Procurement questions before posting a bounty

  • What exact model behavior or evaluation question should this data improve?
  • Which modality, camera viewpoint, robot state, or metadata stream is required?
  • What evidence proves the supplier has rights, consent, and provenance?
  • Which delivery format must the sample open in before scale-up?
  • What specific failure reasons should cause sample rejection?

Quality gate before a page becomes a deal spec

A page in this hub should not be treated as a finished procurement document by itself. It is a starting point for a bounty. Before a buyer funds capture or licenses off-the-shelf data, the page needs to become a short operating spec: accepted examples, rejected examples, file format, metadata fields, consent requirements, delivery location, and a named reviewer who can approve the sample.

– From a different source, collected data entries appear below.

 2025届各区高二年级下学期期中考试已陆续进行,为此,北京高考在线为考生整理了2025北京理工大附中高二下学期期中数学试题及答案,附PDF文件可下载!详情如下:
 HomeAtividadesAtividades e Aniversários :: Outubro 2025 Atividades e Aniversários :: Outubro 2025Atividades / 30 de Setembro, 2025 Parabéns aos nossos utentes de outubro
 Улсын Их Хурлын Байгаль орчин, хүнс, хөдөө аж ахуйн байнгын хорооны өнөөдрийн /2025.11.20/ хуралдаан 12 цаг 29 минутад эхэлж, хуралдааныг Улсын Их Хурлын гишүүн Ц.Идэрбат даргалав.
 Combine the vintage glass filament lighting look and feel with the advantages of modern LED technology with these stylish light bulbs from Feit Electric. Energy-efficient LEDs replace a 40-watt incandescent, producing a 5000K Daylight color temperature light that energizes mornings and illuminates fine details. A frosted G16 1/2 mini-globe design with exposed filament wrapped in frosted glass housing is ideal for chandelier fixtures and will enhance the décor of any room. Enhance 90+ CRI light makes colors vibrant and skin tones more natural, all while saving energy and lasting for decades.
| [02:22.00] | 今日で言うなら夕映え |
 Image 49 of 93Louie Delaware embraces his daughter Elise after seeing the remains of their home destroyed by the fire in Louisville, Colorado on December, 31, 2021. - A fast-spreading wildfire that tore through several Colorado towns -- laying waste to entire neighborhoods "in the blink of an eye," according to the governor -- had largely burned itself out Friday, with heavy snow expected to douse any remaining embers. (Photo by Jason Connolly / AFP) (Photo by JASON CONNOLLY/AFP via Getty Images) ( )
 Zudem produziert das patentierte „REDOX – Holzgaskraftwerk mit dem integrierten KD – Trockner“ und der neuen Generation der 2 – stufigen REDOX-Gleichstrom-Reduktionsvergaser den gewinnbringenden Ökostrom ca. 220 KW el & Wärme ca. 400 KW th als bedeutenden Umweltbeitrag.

The practical test is simple: if two suppliers read the same detail record, would they submit comparable samples? If not, the buyer needs to narrow the research into a more specific bounty. The strongest truelabel references help with that narrowing by linking from broad hubs into task pages, dataset profiles, format guides, glossary definitions, and public dataset alternatives.

GateQuestionPass signal
IntentWhat model behavior does the data improve?The objective is tied to a task, benchmark, or evaluation gap.
EvidenceWhat proves a supplier can deliver?A sample package includes files, manifest, rights, and QA notes.
IngestionCan the buyer load the sample?The sample opens in the expected format or converter.

Hub FAQ

How should buyers use the Physical AI data glossary hub?

Use the Physical AI data glossary hub to move from a broad physical AI data need into a concrete page with modality, sample, QA, format, rights, and supplier-evidence requirements.

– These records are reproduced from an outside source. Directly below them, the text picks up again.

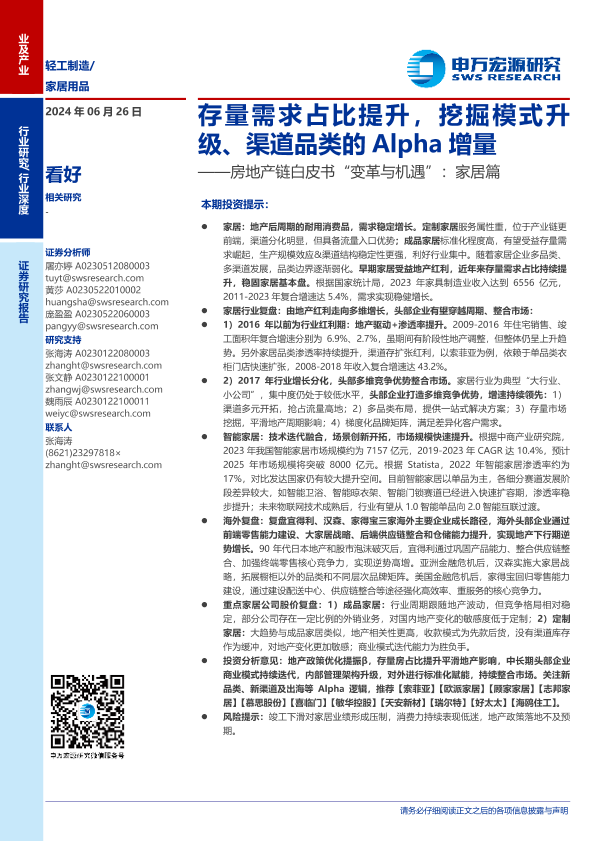 【申万宏源】【20240626】家居用品行业房地产链白皮书“变革与机遇”:家居篇,存量需求占比提升,挖掘模式升级、渠道品类的Alpha增量-33页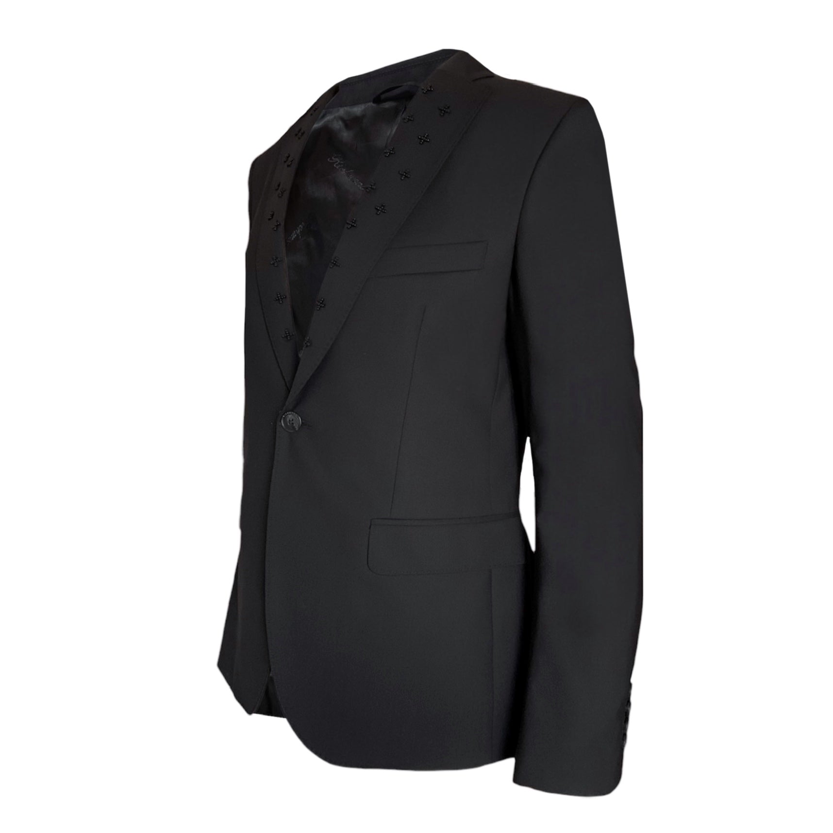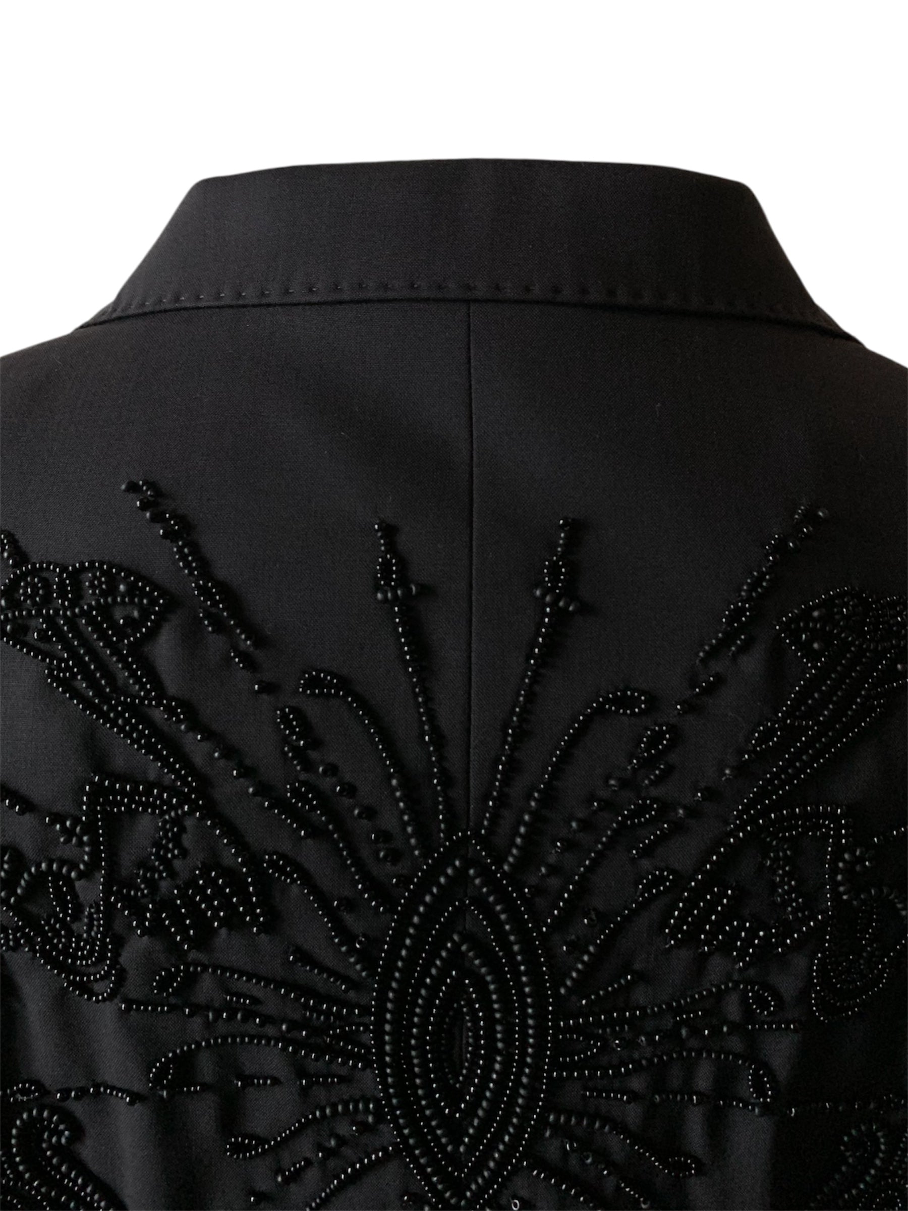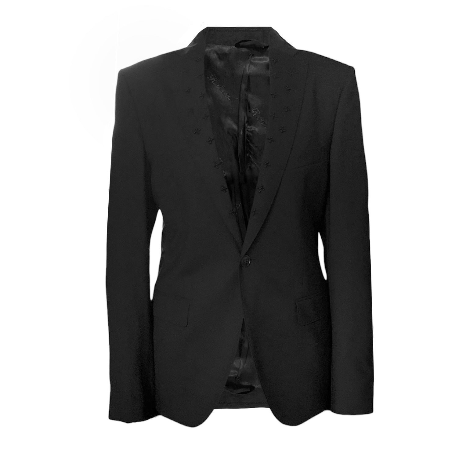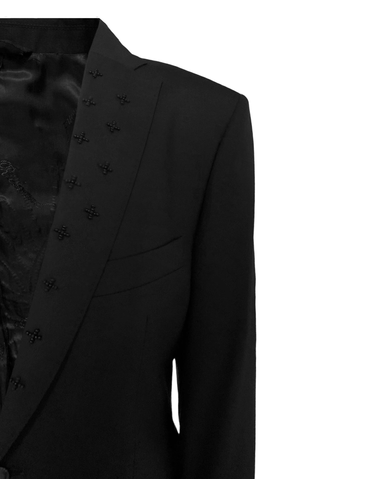 Blazer monopetto con vestibilità slim, taschino a filetto sul petto, collo con revers decorato con croci in perline nere, tasche laterali con patta, polsini con bottone, spacco doppio posteriore. Dettaglio di decoro sulla schiena in bijoux applicati tono su tono. Fodera logata (51% acetato, 49% viscosa) e due tasche interne.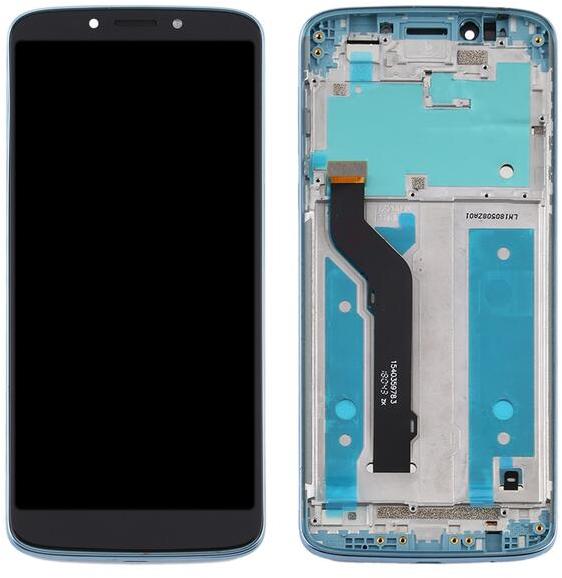 Motorola Moto E5 Plus kék LCD kijelző érintővel kerettel előlap Kék, Utángyártott, 1 év, Szervizünkben, Előlap, lcd keret, Kijelző érintővel, Érintő (touch, digitizer)

Are these pages public datasets?

No. These pages are sourcing and specification guides for posting bounties. They help buyers define what a supplier must prove before data is accepted.

Why does this hub link to so many detail pages?

Each detail page handles one specific task, dataset, comparison, definition, or format. The hub is the index that helps a buyer pick the right one for the bounty they want to post.

What makes a page ready for a bounty?

A page is ready when it names a model objective, concrete files, metadata requirements, rights and consent expectations, sample QA checks, and a delivery format.

External source context

  1. Scale AI physical AI data engine

    Shows enterprise demand for custom physical AI collection and enrichment programs.

  2. NVIDIA Physical AI Data Factory Blueprint

    Frames physical AI data as an end-to-end factory problem spanning curation, generation, evaluation, and delivery.

  3. Open X-Embodiment

    Baseline open robotics data entity for cross-embodiment tasks and VLA pretraining discussions.

  4. Ego4D dataset

    Canonical egocentric video benchmark for first-person physical-world capture and limitations.